Explanation of symbols

a (Fig. 2) Test specimen to be screened. For example, low molecular weight compound libraries and other test samples (5 μM)
b (Fig. 2) Huh7.5.1 / pHH-JFH1 Zeocin resistant cell culture supernatant

Claims (7)

An assay method for detecting a hepatitis C virus inhibitor comprising measuring human hepatitis C virus after contacting human hepatoma-derived Huh7 cells, a test specimen, and infectious hepatitis C virus. An assay method for detecting a hepatitis C virus inhibitor comprising the following steps:
1) a step of seeding Huh7 cells derived from human liver cancer;
2) adding the test specimen to the medium containing the seeded cells;
3) further disseminating infectious hepatitis C virus;
4) heating at 37 ± 1 ° C .;
5) A step of collecting the culture supernatant and measuring hepatitis C virus. The assay method according to claim 1 or 2, wherein the human hepatoma-derived Huh7 cells are Huh7.5.1 cells.
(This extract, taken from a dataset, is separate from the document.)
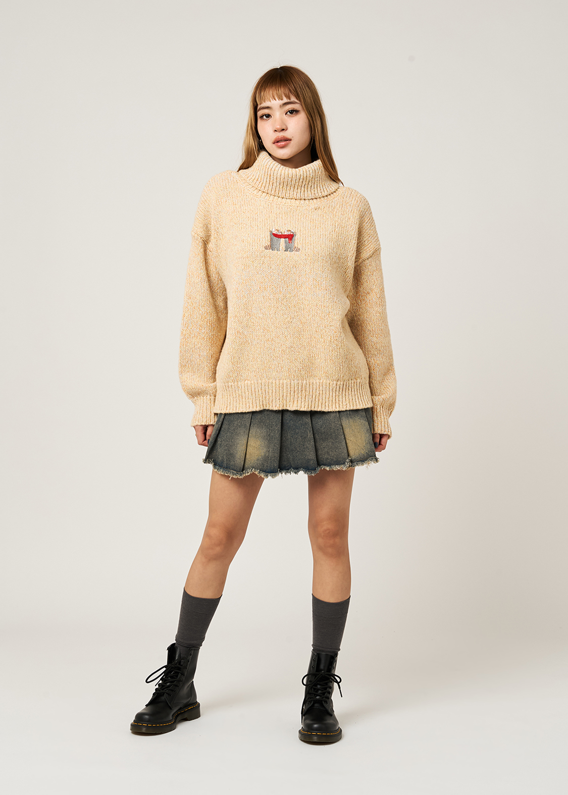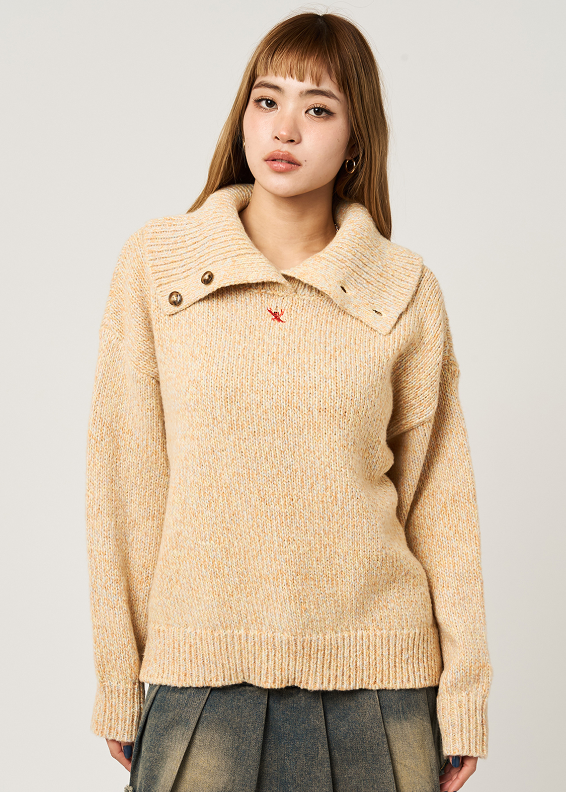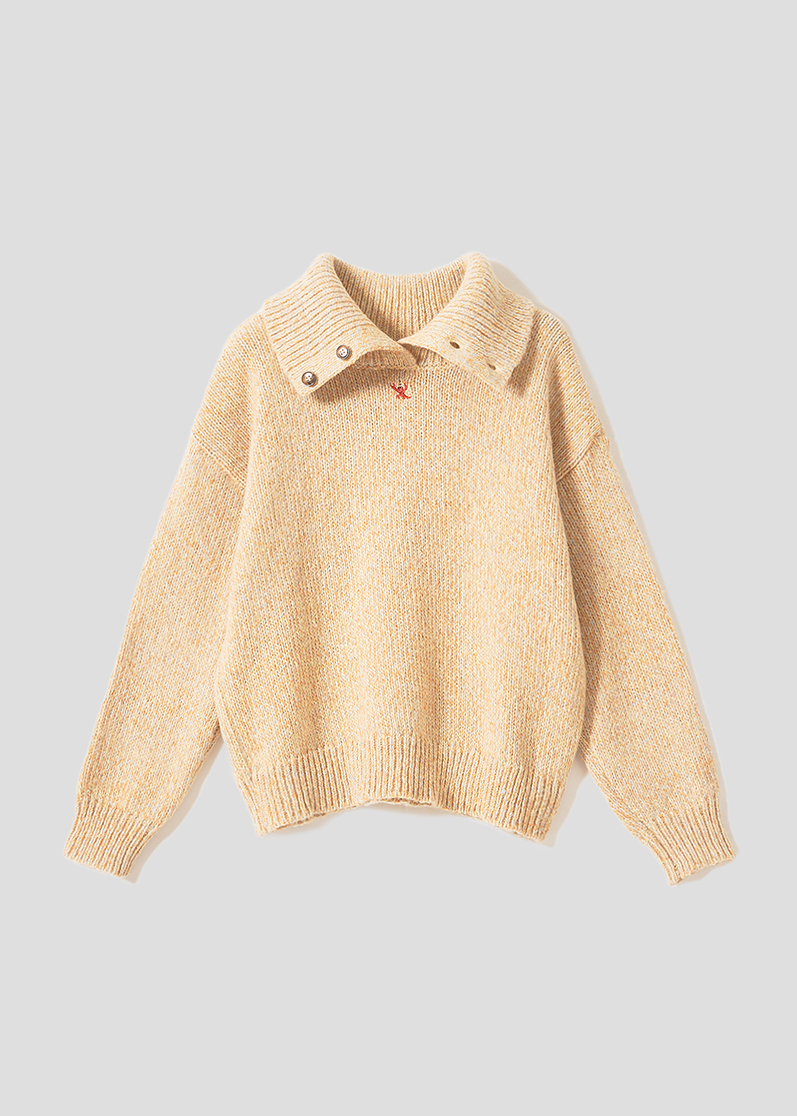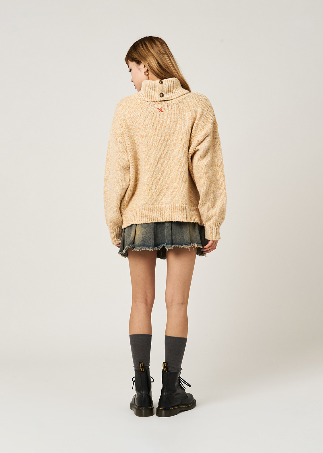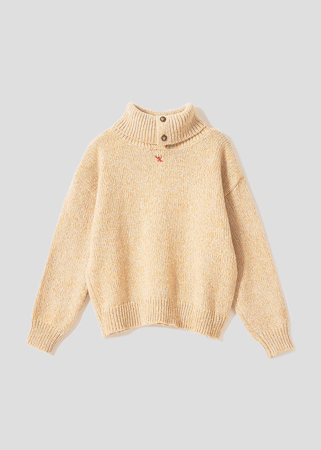 ・ボリュームのある襟が特徴のハイネックニット。

An infectious hepatitis C virus contains a core protein and two envelope proteins (E1, E2) as well as a nonstructural protein (NS protein) required for replication, and the genome of the hepatitis C virus encodes the core protein The assay method according to any one of claims 1 to 3, which is an infectious hepatitis C virus replicon genome in which a promoter sequence is arranged upstream of. The assay method according to claim 4, wherein the promoter sequence arranged in the infectious hepatitis C virus replicon genome is a sequence of PolI promoter or T7 promoter. The assay method according to claim 4 or 5, wherein the infectious hepatitis C virus replicon genome comprises a terminator sequence located downstream of the gene region encoding NS5 protein. The assay method according to any one of claims 1 to 6, wherein the measurement of hepatitis C virus measures the amount of hepatitis C virus core protein.